The natural language user interface is evolving as an important aspect of search engines for many audiences. Search and question answering systems, where queries may be entered as natural language phrases, have been implemented in a variety of desktop and mobile applications, such as Wolfram Alpha, generic Google Search, Facebook Graph Search, Apple Siri, Google Search for Android, etc. For example, Google search for an incomplete phrase “how many US presidents” instantly offers several natural language continuations, including suggestions such as “ . . . were left handed”, “ . . . have we had”, “ . . . have there been”, etc. Personal desktop applications, such as Microsoft's Windows 7 File Explorer or Microsoft Outlook 2010 (part of Microsoft Office 2010 software suite) are also supplied with basic features of a natural language interface. Thus, searching a folder “Documents” on a Windows 7 personal computer with an enabled natural language search option allows a user to instantly find files satisfying natural language queries, for example, “images last week” or “large pdf”, pertaining to various types of personal content, size, creation/update time of items, and other content parameters.
Notwithstanding recent developments, applications of natural language interfaces in search through personal and shared content collections are facing significant challenges. In addition to traditional issues with natural language interfaces such as interpretations of modifications, conjunctions and disjunctions, anaphora resolution, contextual use of synonyms and associated problems of semantic search, there are specific difficulties related to limited data volume in personal and enterprise context collections, generalization of terms and choosing between keyword search and natural language search.

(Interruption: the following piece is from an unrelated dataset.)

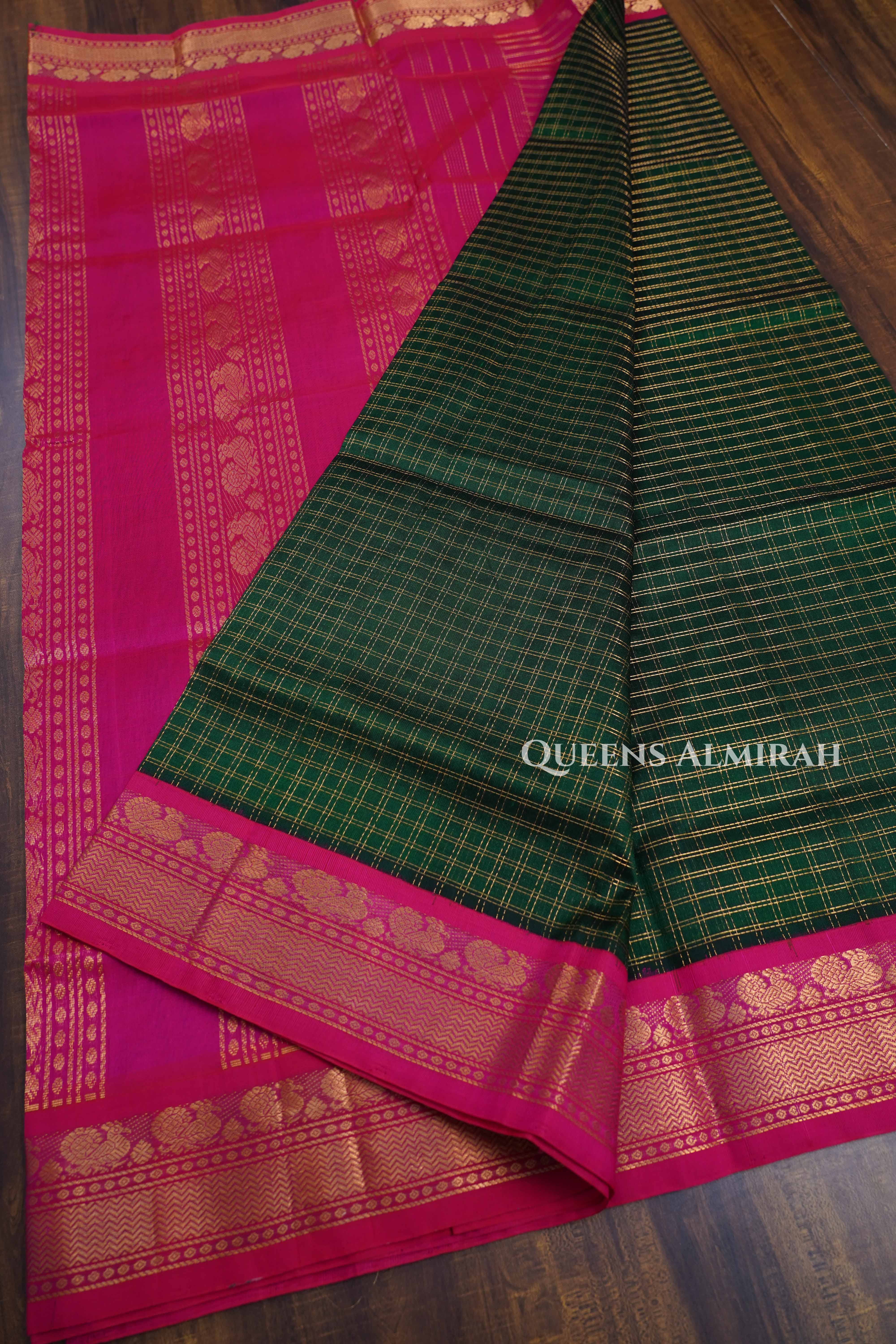 Elegant Kanchi Silk Cotton Saree in soft Dark Green and Magenta Pink hues, adorned with rich golden zari stripes. Perfect blend of traditional craftsmanship and modern grace — ideal for festive and special occasions.
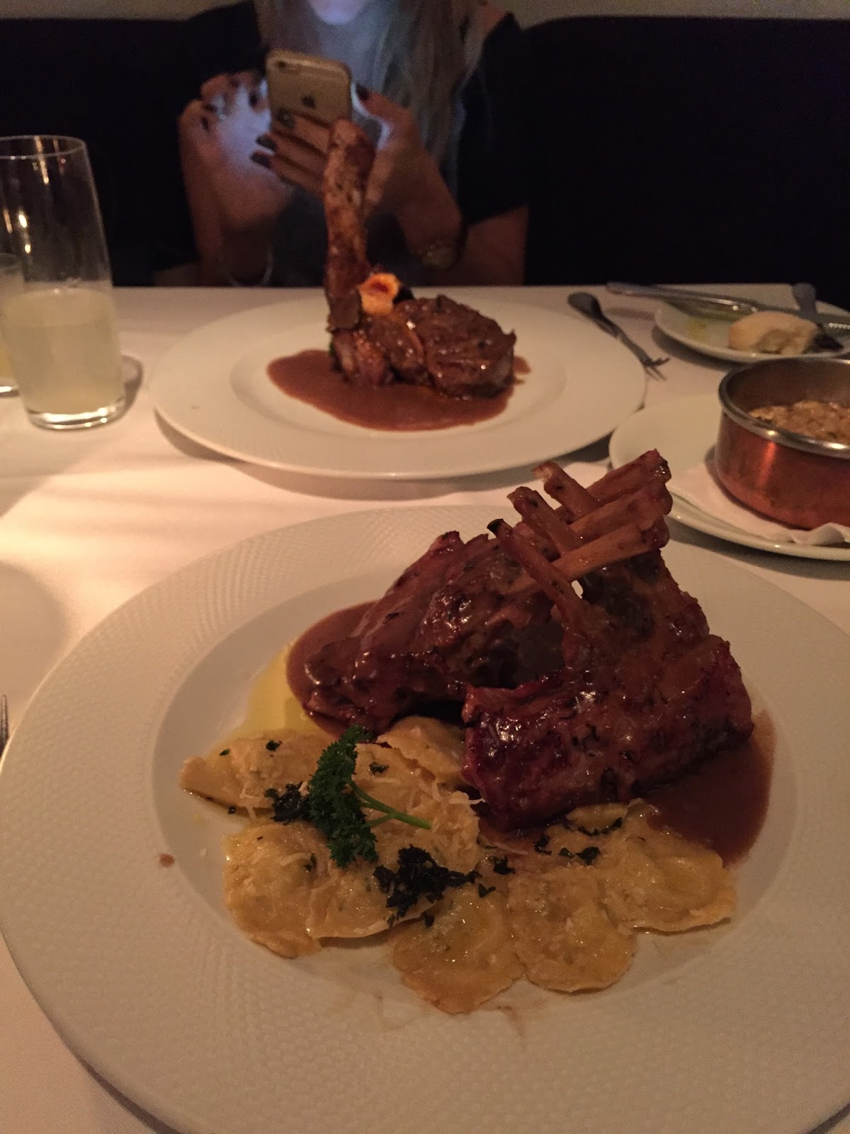 – Nhoque de zucca e ervas com filé mignon suíno grelhado, molho de especiarias e folhas de espinafre

Systems that rely strictly on natural language interface in question answering, search and assistance may cause user dissatisfaction, which was reported for many practical applications. A recent broad survey of mobile assistants indicated that correct interpretations of natural language queries were achieved at a 70% level at best. Similar situation exists with natural search in limited content collections. In a previously discussed example of a natural language search query for “images last week”, even a slight modification of the query to read “image files last week” misguides the search. Another natural language query that suggests a search for “office documents” does not work correctly at all; instead of retrieving files in standard formats of various office suites, such as Microsoft Office, as would be expected by a majority of users, the system looks for the term “office” as part of file names and does not attempt to resolve the query as a natural search predicate. In other words, a natural language search component cannot distinguish between a meta-term “office document” for search in a specific content category and a keyword “office” for search in file names and document content.
Accordingly, it is desirable to develop robust natural language interfaces for search queries in personal, shared and corporate data collections that combine advantages of incremental keyword search and natural language input.